When sending a Client Hello message that's larger than 270 bytes (not sure what the exact limit is, 255 maybe?), lots of servers on the internet don't send back any Server Hello, but keep the connection open, so my client ends up returning a timeout.
It's really weird, has anyone seen that behavior ?
You can get to a 275 byte client hello for example by using OpenSSL 1.0.0.d with a TLS1 hello, all the cipher suites explicitly enabled 'ALL:NULL:@STRENGTH', and a non empty session ID field.
Then feel free to test it on Facebook.
Does anyone know what's going on there ?

Thanks,


Alban Diquet
Reply | Threaded
Open this post in threaded view
|

Re: Client Hello too large ?

Michael S. Zick-4
On Mon June 20 2011, Alban Diquet wrote:

> Hi all,
>
> I've encountered a strange issue. It might not be related to OpenSSL itself,
> but maybe it is.
>
> When sending a Client Hello message that's larger than 270 bytes (not sure
> what the exact limit is, 255 maybe?), lots of servers on the internet don't
> send back any Server Hello, but keep the connection open, so my client ends
> up returning a timeout.
> It's really weird, has anyone seen that behavior ?
> You can get to a 275 byte client hello for example by using OpenSSL 1.0.0.d
> with a TLS1 hello, all the cipher suites explicitly enabled
> 'ALL:NULL:@STRENGTH', and a non empty session ID field.
>

Is that session ID still valid on the server when this happens?
Is it a session ID that the server issued to your client?

Mike
> Then feel free to test it on Facebook.
> Does anyone know what's going on there ?
>
> Thanks,
>
>
> Alban Diquet
>


______________________________________________________________________
OpenSSL Project                                 http://www.openssl.org
User Support Mailing List                    [hidden email]
Automated List Manager                           [hidden email]
Reply | Threaded
Open this post in threaded view
|

Re: Client Hello too large ?

Victor Duchovni
On Tue, Jun 21, 2011 at 05:43:57AM -0500, Michael S. Zick wrote:

> > I've encountered a strange issue. It might not be related to OpenSSL itself,
> > but maybe it is.
> >
> > When sending a Client Hello message that's larger than 270 bytes (not sure
> > what the exact limit is, 255 maybe?), lots of servers on the internet don't
> > send back any Server Hello, but keep the connection open, so my client ends
> > up returning a timeout.
> > It's really weird, has anyone seen that behavior ?
> > You can get to a 275 byte client hello for example by using OpenSSL 1.0.0.d
> > with a TLS1 hello, all the cipher suites explicitly enabled
> > 'ALL:NULL:@STRENGTH', and a non empty session ID field.
> >
>
> Is that session ID still valid on the server when this happens?
> Is it a session ID that the server issued to your client?

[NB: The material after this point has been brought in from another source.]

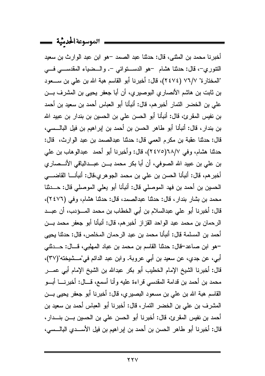 أخبرنا محمد بن المثنى، قال: حَدَّثَنَا عبد الصمد - هو ابن عبد الوارث بن سعيد التنوري -، قال: حَدَّثَنَا هشام - هو الدستوائي -. والضياء المقدسي في "المختارة" ٧/ ٧٦ (٢٤٧٤)، قال: أخبرنا أبو القاسم هبة اللّه بن علي بن سعود بن ثابت بن هاشم الأنصاري البوصيري، أن أبا جعفر يحيى بن المشرف بن علي بن الخضر التمار أخبرهم، قال: أنبأنا أبو العباس أحمد بن سعيد بن أحمد بن نفيس المقرئ، قال: أنبأنا أبو الحسن علي بن الحسين بن بندار بن عبيد اللّه بن بندار، قال: أنبأنا أبو طاهر الحسن بن أحمد بن إبراهيم بن فيل البالسي، قال: حَدَّثَنَا عقبة بن مكرم العمي قال: حَدَّثَنَا عبد الصمد بن عبد الوارث، قال: حَدَّثَنَا هشام، وفي ٧/ ٦٨ (٢٤٧٥)، قال: وأخبرنا أبو أحمد عبد الوهاب بن علي بن علي بن عبيد اللّه الصوفي، أن أبا بكر محمد بن عبد الباقي الأنصاري أخبرهم، قال: أنبأنا الحسن بن علي بن محمد الجوهري، قال: أنبأنا القاضي الحسين بن أحمد بن فهد الموصلي قال: أنبأنا أبو يعلي الموصلي قال: حَدَّثَنَا محمد بن بشار بندار، قال: حَدَّثَنَا عبد الصمد، قال: حَدَّثَنَا هشام، وفي (٢٤٧٦)، قال: أخبرنا أبو علي عبد السلام بن أبي الخطاب بن محمد المؤدب، أن عبد الرحمان بن محمد عبد الواحد القزاز أخبرهم، قال: أنبأنا أبو جعفر محمد بن أحمد بن المسلمة قال: أنبأنا محمد بن عبد الرحمان المخلص، قال: حَدَّثَنَا يحيى - هو ابن صاعد - قال: حَدَّثَنَا القاسم بن محمد بن عباد المهلبي، قال: حدثني أبي، عن جدي، عن سعيد بن أبي عروبة. وابن عبد الدائم في "مشيخته" (٣٧)، قال: أخبرنا الشيخ الإمام الخطيب أبو بكر عبد اللّه بن الشيخ الإمام أبي عمر محمد بن أحمد بن قدامة المقدسي قراءة عليه وأنا أسمع، قال: أخبرنا أبو القاسم هبة اللّه بن علي بن مسعود البصيري، قال: أخبرنا أبو جعفر يحيى بن المشرف بن علي بن الخضر التمار، قال: أخبرنا أبو العباس أحمد بن سعيد بن أحمد بن نفيس المقرئ، قال: أخبرنا أبو الحسن علي بن الحسين بن بندار، قال: أخبرنا أبو طاهر الحسن بن أحمد بن إبراهيم بن فيل الأسدي البالسي،

I can reproduce this problem, perhaps it is an issue with the load
balancers that terminate TLS at many large-scale HTTPS-enabled sites.

For facebook, try:

    $ openssl s_client -msg -cipher 'ALL:NULL:@STRENGTH' -tls1 -reconnect -connect 69.171.224.40:443

The above hangs on the reconnect client hello, while:

    $ openssl s_client -msg -cipher 'RC4-MD5:NULL:@STRENGTH' -tls1 -reconnect -connect 69.171.224.40:443

yields:

Reused, TLSv1/SSLv3, Cipher is RC4-MD5
Secure Renegotiation IS NOT supported
Compression: NONE
Expansion: NONE
SSL-Session:
    Protocol  : TLSv1
    Cipher    : RC4-MD5
    Session-ID: 197E266EAC6CDD1CA9BAFD0AFB6EDB9CB63407EC1046131A59F33766BF3BB5E9
    Session-ID-ctx:
    Master-Key: ...
    Key-Arg   : None
    PSK identity: None
    PSK identity hint: None
    Start Time: 1308667111
    Timeout   : 7200 (sec)
    Verify return code: 20 (unable to get local issuer certificate)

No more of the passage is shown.